The PC-24 will be ready to treat and transport patients by mid-2024.

The New South Wales Ambulance aeromedical operations unit has brought its first PC-24 into service. The unit decided to purchase two PC-24s in 2021, to further increase its operational capabilities, and will use them to provide aeromedical services over an area of approximately 800,000 square kilometres. It is anticipated that the Super Versatile Jet will conduct around 800 flights, transferring approximately 6,500 patients, during its first year of service.

"The PC-24 increases the capability of our aeromedical operations and is ideal for the long distances we have to cover in Australia. It will be a great asset to our clinical staff and patients," says NSW Ambulance commissioner Dr Dominic Morgan. "Our dedicated team of flight nurses, doctors and pilots already provide high-level clinical care for all patients throughout NSW. That level of care will be enhanced thanks to the increased range, speed and optimised internal medical fit-out of these aircraft. These two new jets will complement the existing five Beechcraft King Air 350Cs in the NSW Ambulance fleet."

The PC-24s will be operated and maintained by Pel-Air as part of a 10 year contract with NSW Ambulance. Pel-Air chairman, the Hon John Sharp AM says: "Pel-Air congratulates NSW Ambulance for making this significant visionary investment in aerial emergency medical response. This aircraft is a game changer for aeromedical services in a state as vast as NSW, and will help NSW Ambulance save lives."

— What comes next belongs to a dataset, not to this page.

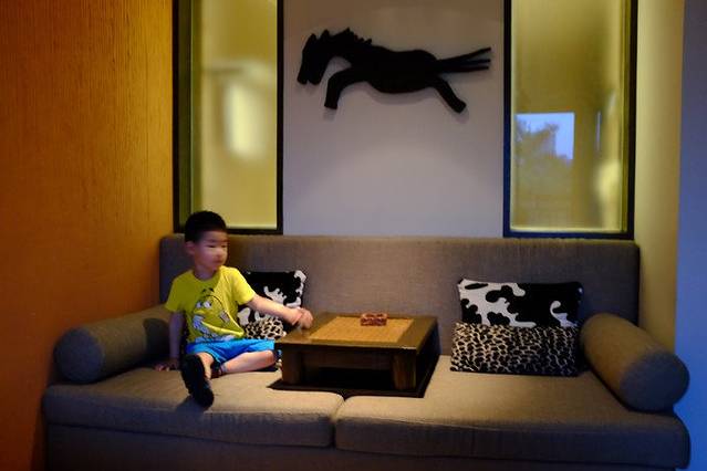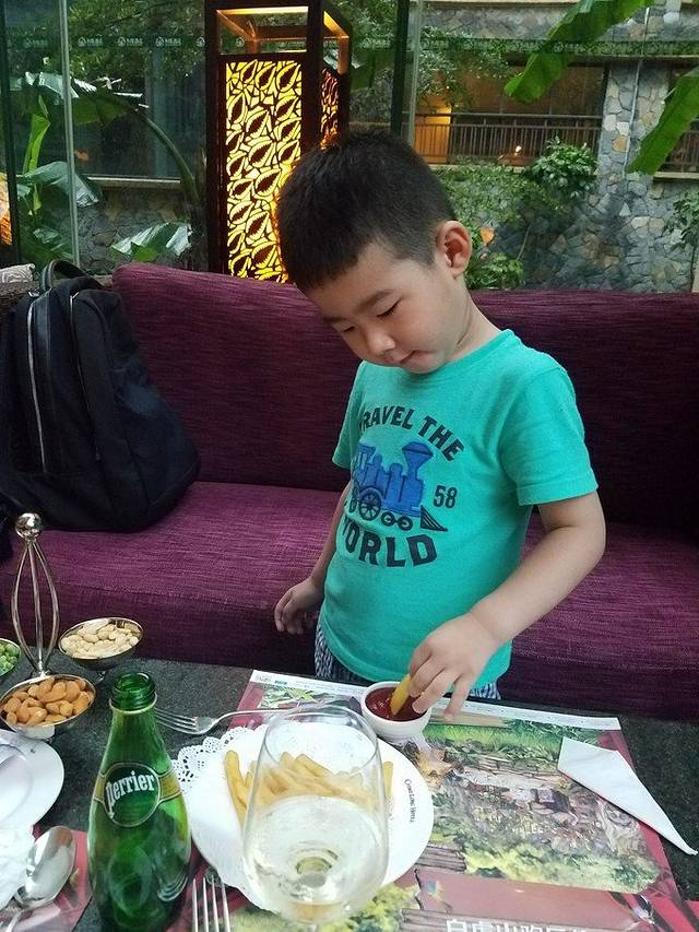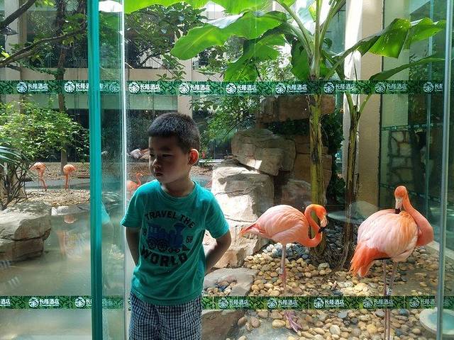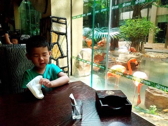 回到酒店,就在大堂吧简单的吃了午餐,大堂吧这里可以看到白虎。小朋友还是很喜欢的。

Aerolite in Switzerland and Total Aerospace Solutions in Sydney have been contracted to complete the medical fit out of the aircraft.

The PC-24 air ambulance jet has a patient loading door. Patients can be loaded and unloaded by means of an electrically powered loading device or alternatively with a ramp.

"The PC-24 is no stranger to the aeromedical space; it's a highly sought after platform for many of the top aeromedical organisations around the world," says Pilatus Australia CEO Sebastian Lip. "Like the aircraft, the aeromedical configuration has proven itself in some of the harshest operating conditions anywhere. We're extremely proud that the New South Wales Ambulance has chosen our aircraft to save lives and serve its community."

"These two new jets are equipped with the latest technology and medical equipment to better serve our patients, flight nurses, doctors and pilots," says Minister for Health Ryan Park. "These jets can fly faster and further without the need for refuelling, and they will be an invaluable resource for communities in regional, rural and remote NSW. Whether responding to a motor vehicle accident or transferring a critically ill patient from a regional hospital to a tertiary health facility, these PC-24 aircraft will be a major boost for the health of regional and remote communities throughout NSW. NSW Ambulance is the first state government ambulance service in Australia to specifically design the PC-24 interior and patient fit-out for aeromedical operations."

Member for Heffron Minister Ron Hoenig joined Minister Park at Sydney airport to take a first look at the new aircraft. "NSW Ambulance has an incredible aeromedical history and has been operating one of its bases out of Kingsford Smith for more than 55 years," he says. "I am sure these new planes will make a welcome addition to operations based out of Mascot when they enter service."

Both PC-24s aircraft will be ready to treat and transport patients by mid-2024.